START Records supplied

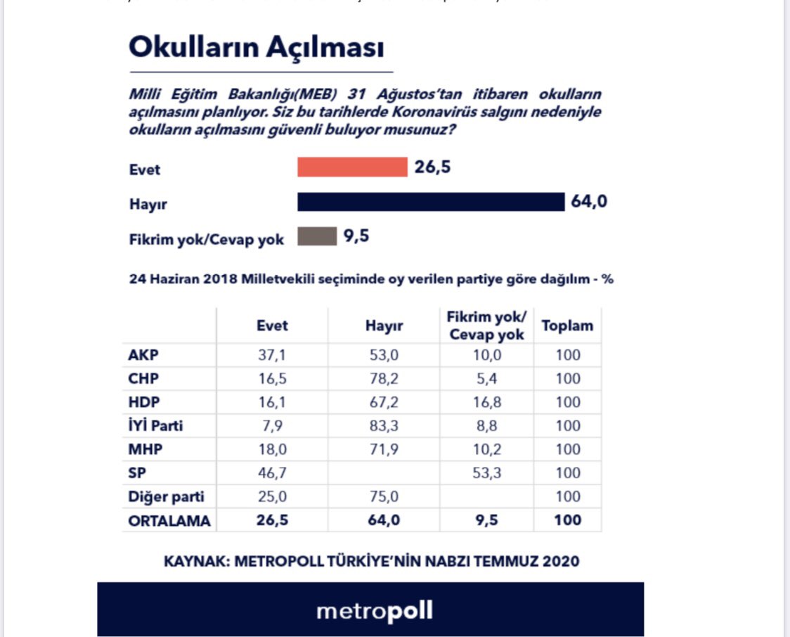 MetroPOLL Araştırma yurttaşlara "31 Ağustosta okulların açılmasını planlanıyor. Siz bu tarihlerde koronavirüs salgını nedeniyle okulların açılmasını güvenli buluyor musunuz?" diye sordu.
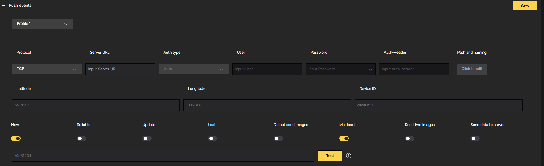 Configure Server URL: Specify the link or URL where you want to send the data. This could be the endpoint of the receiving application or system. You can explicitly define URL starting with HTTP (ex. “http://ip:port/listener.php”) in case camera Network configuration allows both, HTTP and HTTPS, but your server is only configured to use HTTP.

END Records supplied
START Records supplied

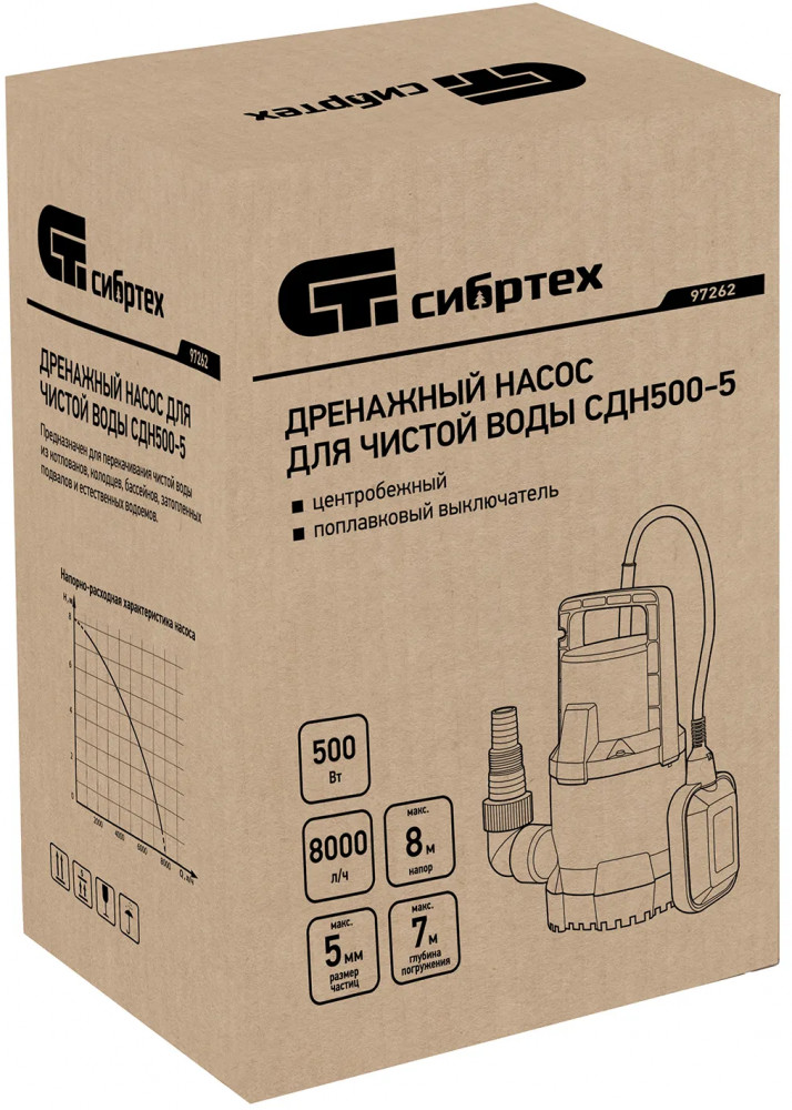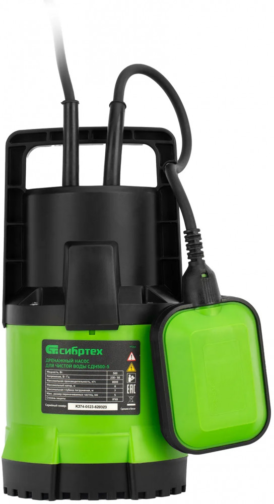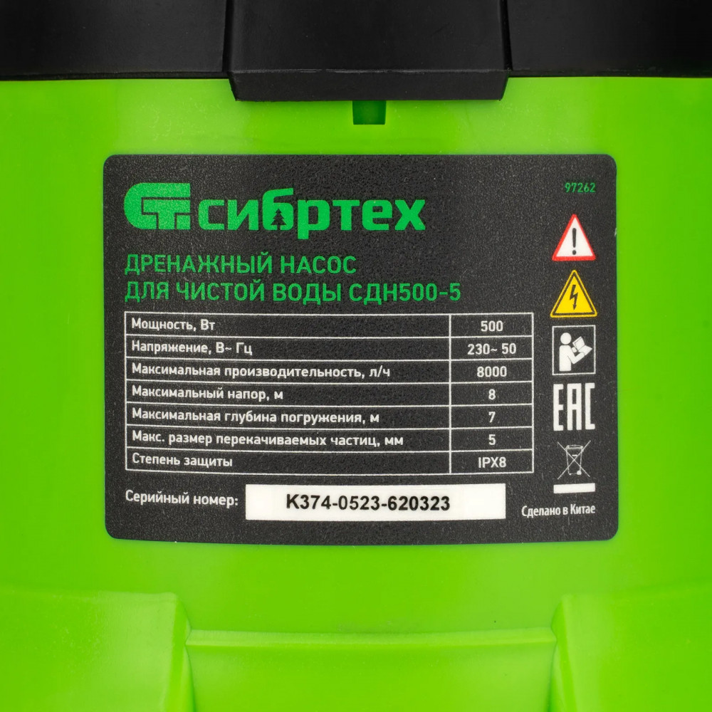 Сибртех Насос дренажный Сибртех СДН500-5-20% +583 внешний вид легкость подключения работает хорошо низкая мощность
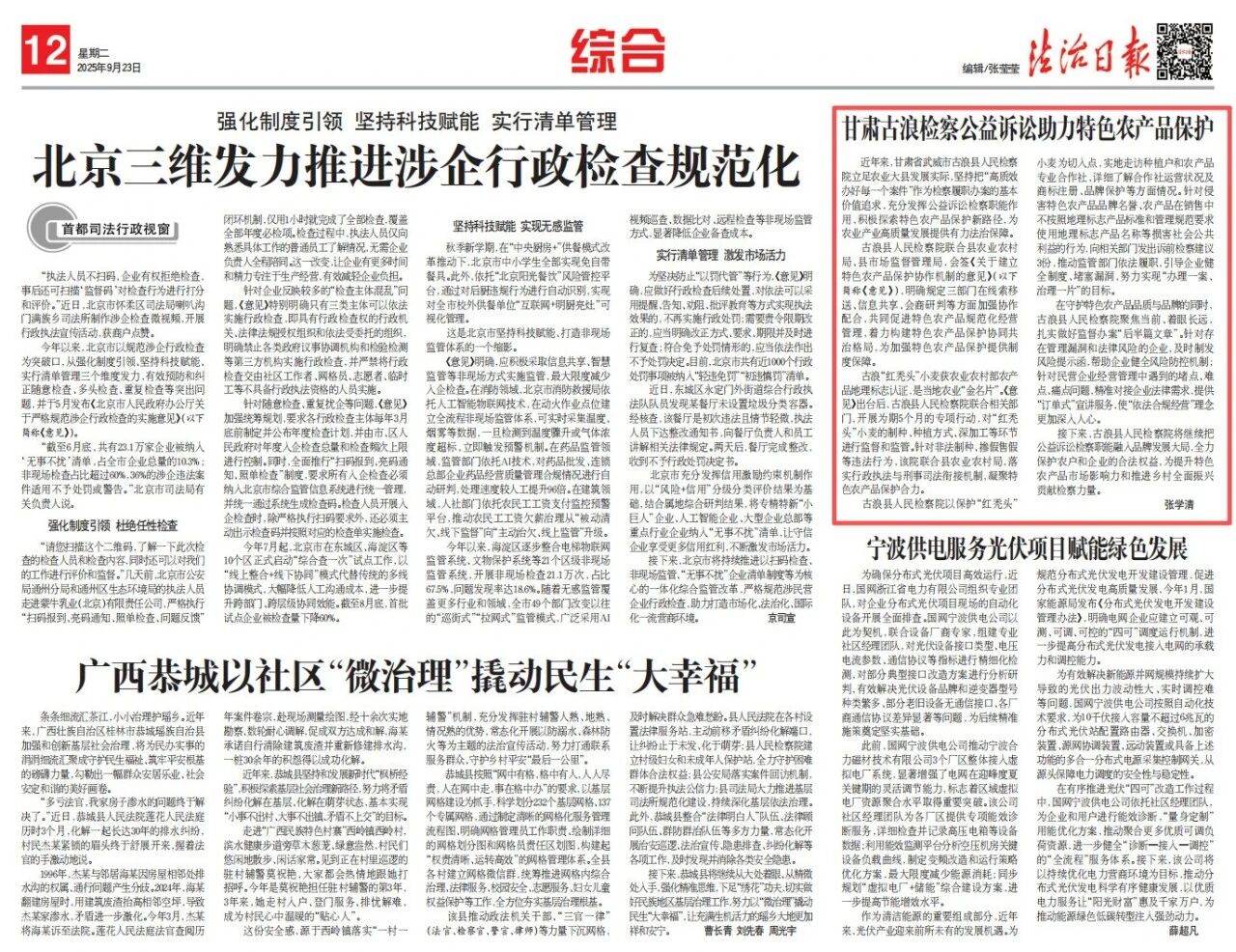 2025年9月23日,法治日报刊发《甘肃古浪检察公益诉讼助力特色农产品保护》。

END Records supplied
START Records supplied

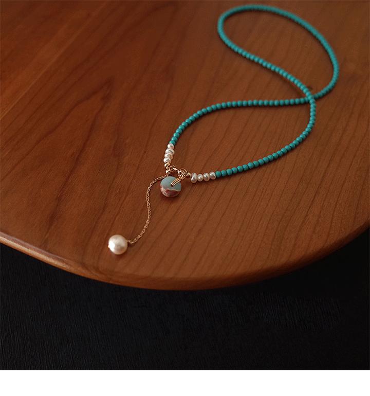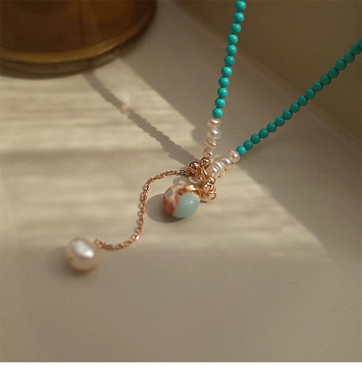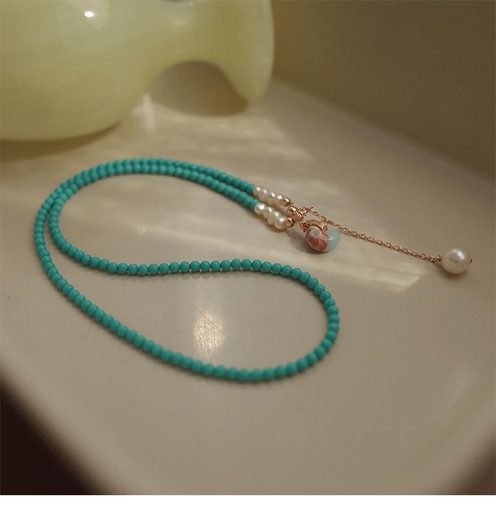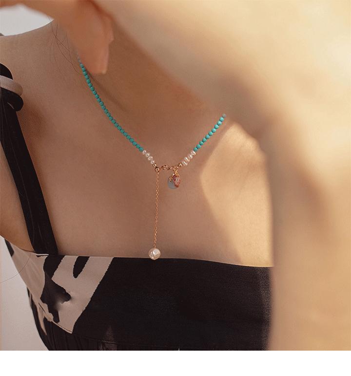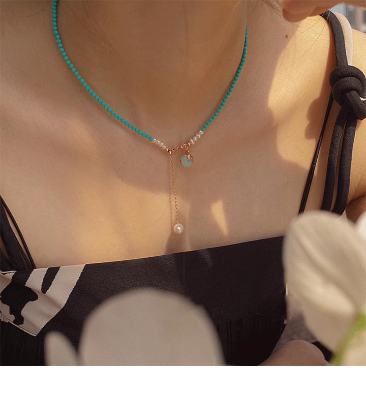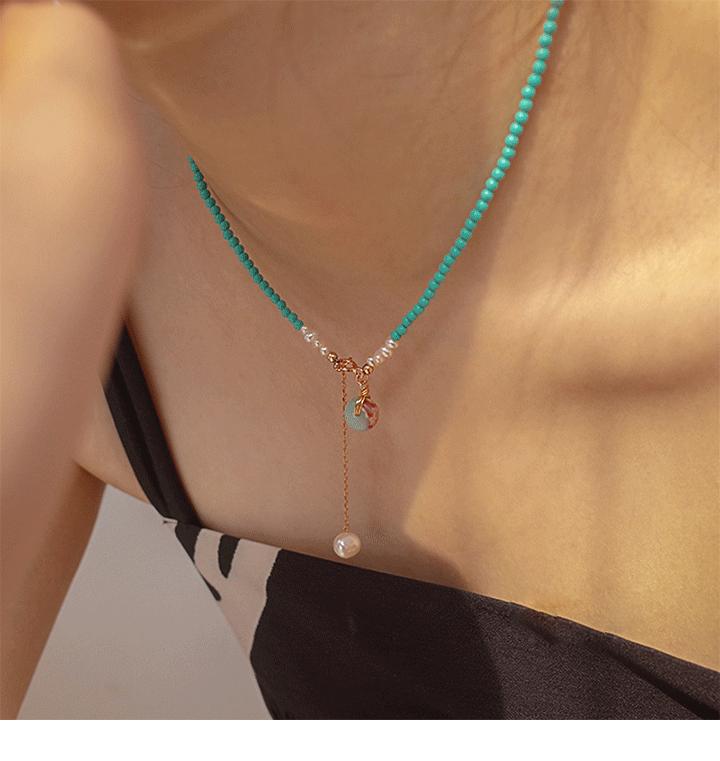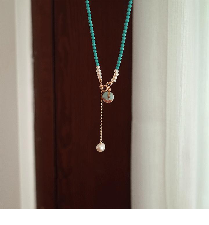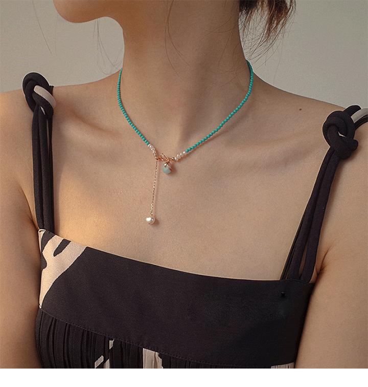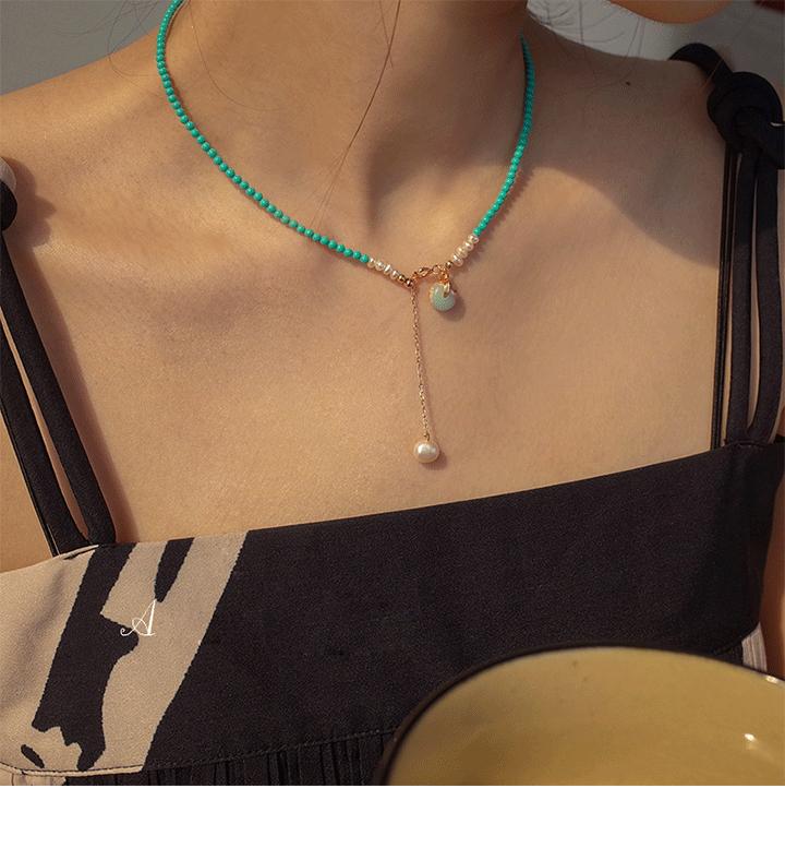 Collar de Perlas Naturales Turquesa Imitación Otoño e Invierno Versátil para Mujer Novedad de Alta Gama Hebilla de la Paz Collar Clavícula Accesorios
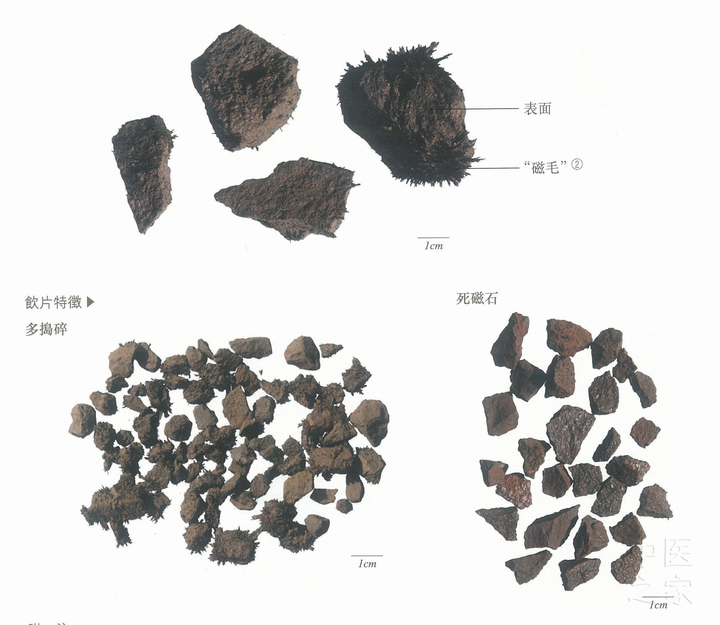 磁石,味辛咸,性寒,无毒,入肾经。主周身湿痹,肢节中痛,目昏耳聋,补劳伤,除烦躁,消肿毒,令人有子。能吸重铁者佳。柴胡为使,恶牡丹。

END Records supplied

**Exercise aim**
Copy out exactly the material that runs from the line with "Collar de Perlas" to the line with "磁石,味辛咸,性寒,无毒,入", ends included, and leave the pictures behind.

**Completed exercise**
 Collar de Perlas Naturales Turquesa Imitación Otoño e Invierno Versátil para Mujer Novedad de Alta Gama Hebilla de la Paz Collar Clavícula Accesorios
 磁石,味辛咸,性寒,无毒,入肾经。主周身湿痹,肢节中痛,目昏耳聋,补劳伤,除烦躁,消肿毒,令人有子。能吸重铁者佳。柴胡为使,恶牡丹。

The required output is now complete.